DNS in Kubernetes (The Hard Way)

DNS was the one thing I swore I’d keep on Docker. It’s critical infrastructure, if DNS goes down, nothing works. Not the kind of service you want to experiment with.

But then neuron-1 needed a reboot, and for 30 seconds my entire network couldn’t resolve anything. Phones complaining, smart home devices going offline, the works, you know.

The Current Setup

My DNS stack isn’t just AdGuard. It’s a three-layer chain:

AdGuard Home handles the user-facing stuff: ad blocking, query logging and local DNS rewrites. It’s what my router points to.

Unbound sits behind AdGuard as a recursive resolver. It validates DNSSEC, maintains a ~500 MB cache, and handles query minimization for privacy. Most queries never leave this layer.

DNSCrypt encrypts whatever Unbound can’t resolve locally. Upstream queries go to Cloudflare and Quad9 over encrypted channels. My ISP sees nothing.

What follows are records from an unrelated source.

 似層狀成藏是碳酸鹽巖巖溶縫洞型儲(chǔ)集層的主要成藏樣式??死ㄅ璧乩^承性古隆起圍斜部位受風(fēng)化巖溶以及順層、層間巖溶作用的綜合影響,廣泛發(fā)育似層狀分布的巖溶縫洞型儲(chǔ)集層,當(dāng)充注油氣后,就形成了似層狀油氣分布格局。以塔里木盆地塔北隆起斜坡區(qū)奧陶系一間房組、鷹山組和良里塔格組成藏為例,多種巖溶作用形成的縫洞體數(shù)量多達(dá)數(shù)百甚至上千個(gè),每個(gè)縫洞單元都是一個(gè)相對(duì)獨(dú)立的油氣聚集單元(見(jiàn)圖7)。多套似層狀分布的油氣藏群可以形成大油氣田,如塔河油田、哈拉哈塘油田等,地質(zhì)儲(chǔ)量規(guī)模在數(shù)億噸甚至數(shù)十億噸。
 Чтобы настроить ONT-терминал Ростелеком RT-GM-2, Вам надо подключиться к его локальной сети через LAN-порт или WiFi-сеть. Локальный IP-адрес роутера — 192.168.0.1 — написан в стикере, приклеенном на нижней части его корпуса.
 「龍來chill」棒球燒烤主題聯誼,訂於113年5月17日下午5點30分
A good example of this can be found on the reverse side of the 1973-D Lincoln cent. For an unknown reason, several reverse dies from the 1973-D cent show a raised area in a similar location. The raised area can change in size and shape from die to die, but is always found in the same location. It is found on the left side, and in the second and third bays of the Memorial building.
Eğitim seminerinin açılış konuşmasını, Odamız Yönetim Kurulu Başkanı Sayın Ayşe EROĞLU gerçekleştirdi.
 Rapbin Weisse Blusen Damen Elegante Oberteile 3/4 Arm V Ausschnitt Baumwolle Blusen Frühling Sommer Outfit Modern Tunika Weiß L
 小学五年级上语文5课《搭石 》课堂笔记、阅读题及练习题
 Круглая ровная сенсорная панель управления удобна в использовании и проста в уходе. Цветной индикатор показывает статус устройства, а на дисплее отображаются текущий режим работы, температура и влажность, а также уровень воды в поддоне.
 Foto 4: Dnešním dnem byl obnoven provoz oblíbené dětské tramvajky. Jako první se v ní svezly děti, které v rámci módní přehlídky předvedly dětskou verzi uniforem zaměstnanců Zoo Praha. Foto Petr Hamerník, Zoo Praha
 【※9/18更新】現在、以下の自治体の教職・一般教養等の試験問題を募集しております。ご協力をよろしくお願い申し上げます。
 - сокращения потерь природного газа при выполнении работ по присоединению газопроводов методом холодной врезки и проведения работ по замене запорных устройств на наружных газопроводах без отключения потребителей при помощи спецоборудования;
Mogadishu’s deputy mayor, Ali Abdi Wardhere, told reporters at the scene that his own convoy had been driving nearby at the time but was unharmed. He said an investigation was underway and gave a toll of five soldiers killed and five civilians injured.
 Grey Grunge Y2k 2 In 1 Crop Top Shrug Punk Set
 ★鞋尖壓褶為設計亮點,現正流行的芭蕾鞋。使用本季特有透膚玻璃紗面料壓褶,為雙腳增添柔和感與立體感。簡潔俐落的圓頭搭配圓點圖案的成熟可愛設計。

All three run on neuron-1 in Docker, on a private bridge network with static IPs. It works well. The problem is “works well on one machine.”

Why Bother?

The honest answer: I wanted to do it.

The practical answer: failover. If neuron-1 goes down for maintenance, I want DNS to keep working. Kubernetes can reschedule pods to healthy nodes automatically. Docker on a single host can’t.

But DNS in Kubernetes has some challenges I had to think through first.

The Challenges

UDP 53 Exposure

DNS needs to listen on port 53. In Kubernetes, you can’t just bind to privileged ports on the host (well, you can with hostNetwork, but that defeats the purpose). NodePort services can’t use ports below 30000.

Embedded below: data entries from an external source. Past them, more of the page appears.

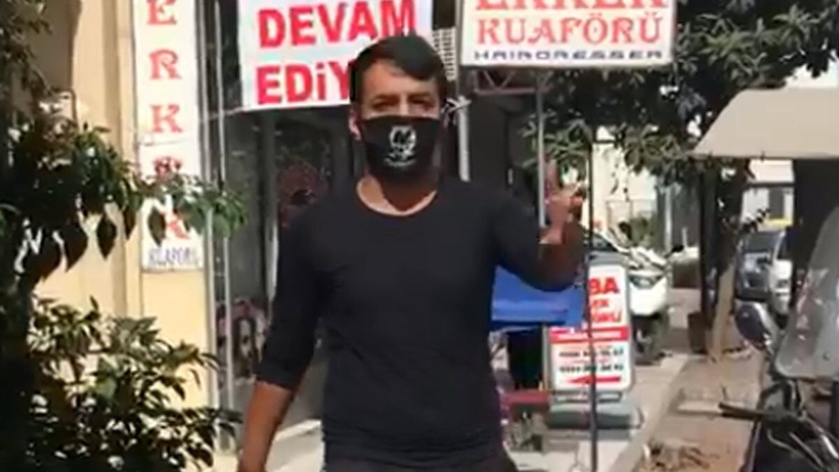 Büyükşehir Belediyesi Zabıta Dairesi Başkanlığı ekipleri, caddede denetim yaptıkları sırada kaldırımda maske satan, adının 'Emrah' olduğu belirtilen satıcıya tezgahını kaldırmasını söyledi.
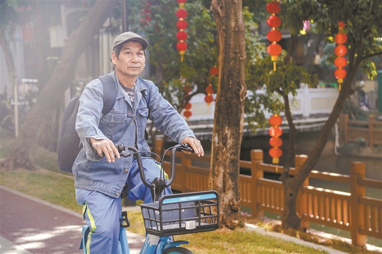 谢全喜欢骑自行车,每逢上下班,他都会戴着他那标志性的帽子、穿着灰色夹克,骑着共享自行车,在河涌边上来来回回。
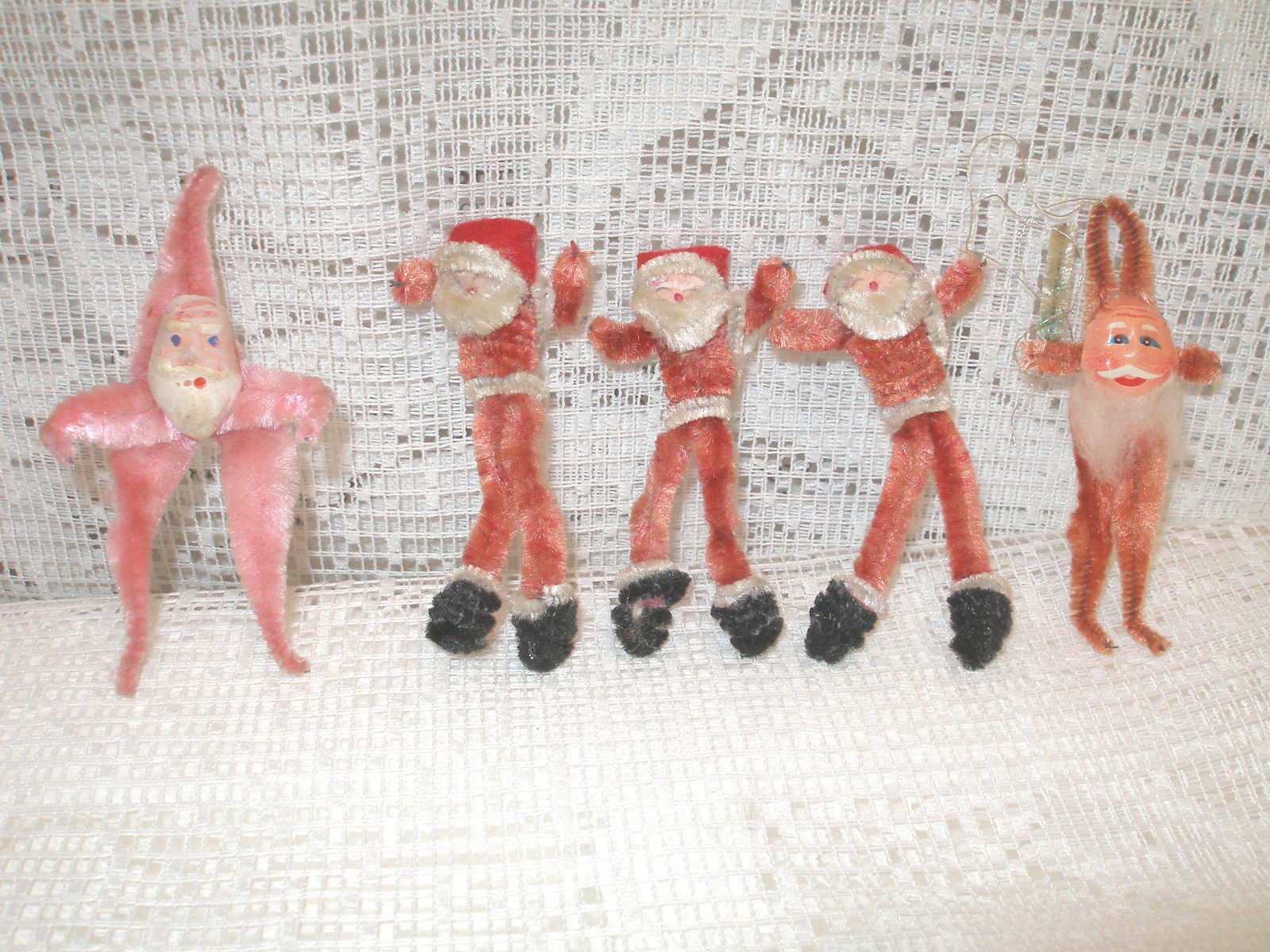 Title (ebay affiliate link): 5 VINTAGE ANTIQUE CHENILLE CLAY FACE TINY CHRISTMAS SANTA ORNAMENTS

The solution: a MetalLB LoadBalancer. It assigns a virtual IP from my LAN, and clients connect to that. AdGuard gets 192.168.x.101:53, sitting right next to Traefik’s 192.168.x.100.

No Native Clustering

Here’s what I learned: AdGuard Home doesn’t support clustering. At all.

If you run two replicas behind a load balancer, each maintains its own:

Query logs
Statistics
Client settings
Filter lists

There’s no sync. You’d have two independent AdGuard instances that just happen to share an IP. Queries would randomly hit either one, and your stats would be fragmented.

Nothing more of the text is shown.